Note: you can read Vaz’s words in the the context of Janner’s address to the Commons in 1991 debate on Contempt of Court here.
Anyone involved in a trial can make any allegations they wish about anyone else—provided that the judge cannot disallow them as irrelevant—however harmful, horrendous and vile the lies may be. Those whose representations are attacked are forbidden even to deny the allegations. To do so would be a criminal offence—contempt of court.
As the House knows, Frank Beck of Leicester was convicted of a series of filthy and most serious crimes and received what must be a near record sentence—five life terms and a total of 24 years’ imprisonment. He called ***** ****** as a witness. Long ago, when ******* was a deprived youngster living in a Leicestershire children’s home, my family and I tried, unsuccessfully, to help him. Soon after, he was placed in a home run by Beck.
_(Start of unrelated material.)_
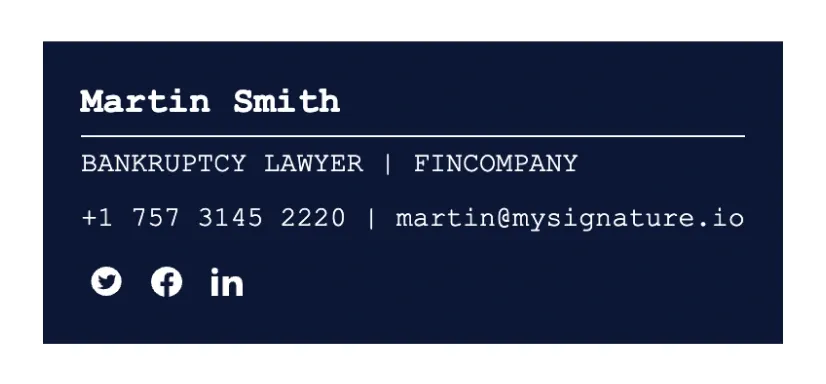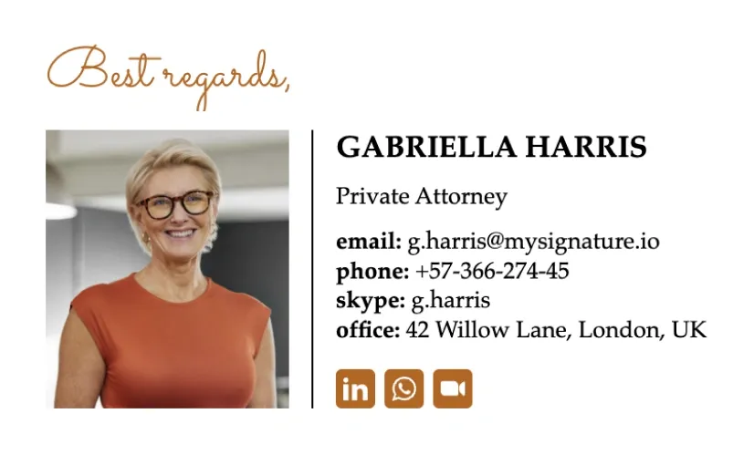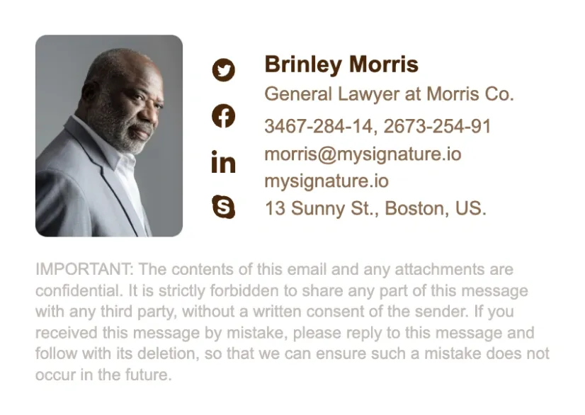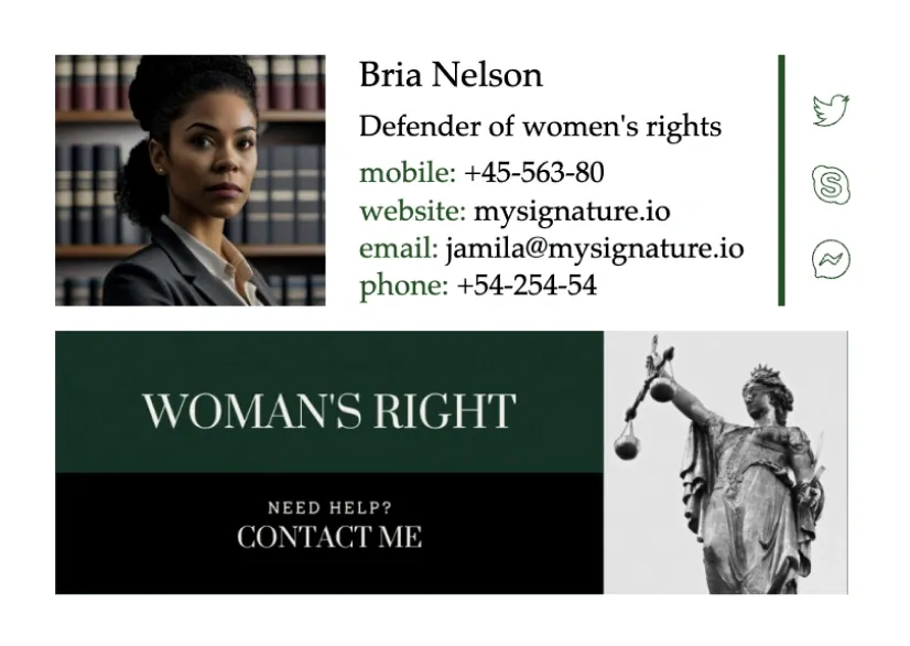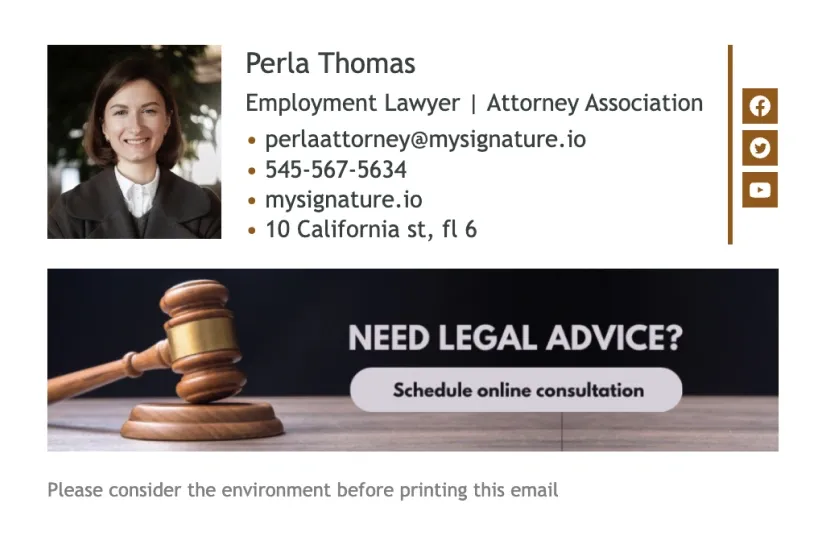 Attorney email signature examples can help attorneys and lawyers create clean and meaningful email footers. In this section, you’ll find the best attorney email signature templates created with our email signature generator MySignature.

After 15 years of Beck’s influence—including a period when ****** lodged in Beck’s private home—and after I had refused to provide Beck with references and shortly before Beck’s trial was due to begin, they combined to make disgraceful, contemptible and totally untrue allegations of criminal conduct against me.
Their motive was made blazingly clear by a letter that I received only yesterday from a former cellmate of Beck’s. I do not know the man, but he took it on himself to communicate with me. He writes that Beck told him that he—Beck —was going to frame me. According to Beck, that would take the light off him. To that end, Beck had enlisted the help of ******. The former cellmate also wrote that the police knew that he was willing to give evidence to that effect if the Crown thought it necessary to call him. In the event, it did not, but the allegations against me were precisely as the prosecution alleged in Beck’s trial —an attempted diversion from the reality of Beck’s guilt. Both verdict and sentence showed—happily—that the attempt failed totally.
226 However, is it not horrendous that Beck and ****** were able to make such terrible and lying accusations against me in court and that the media could, and with honourable exceptions did, report these falsehoods, all under the cloak of absolute privilege? I had effectively no legal rights in the matter, and I was not allowed even to nail the lies. No wonder many people were mystified by my uncharacteristic silence —it was imposed by the cruel operation of the rules on contempt.
Happily, I am a fairly tough character. I have been able to ride out the agony on this ordeal in good heart. But it has not been easy. As a Member of Parliament, I am now well placed to fight back. That would not have applied to any of our constituents or to any other citizens placed by law in this impossible and unjust situation.
The injustice was both apparent and real. It imposed a special burden on my wife, on my children, on my mother and my sister and on all my family. I pay my loving tribute to them for their staunch and cheerful support during our shared ordeal. I also thank the many hundreds of people who have so kindly written, spoken to or telephoned us to express their affectionate encouragement. Several of them were themselves victims of Frank Beck. I salute their courage and send them my profound sympathy. We ourselves have received nothing but kindness, confidence and concern. We are very grateful. We are deeply blessed with our friends, not least those on both sides of the House and our friends in Leicester, West.
Surely there should now be a swift review of these injustices in our law and its practice. Surely it must be wrong for people who have no part in a trial to be open to venomous, preposterous attacks, with no remedy, no recompense and, above all, no right of reply. Surely others should not be forced to suffer as we have done. If such a review does lead to a just and useful alteration in the operation of the law of contempt, we shall not have suffered in vain.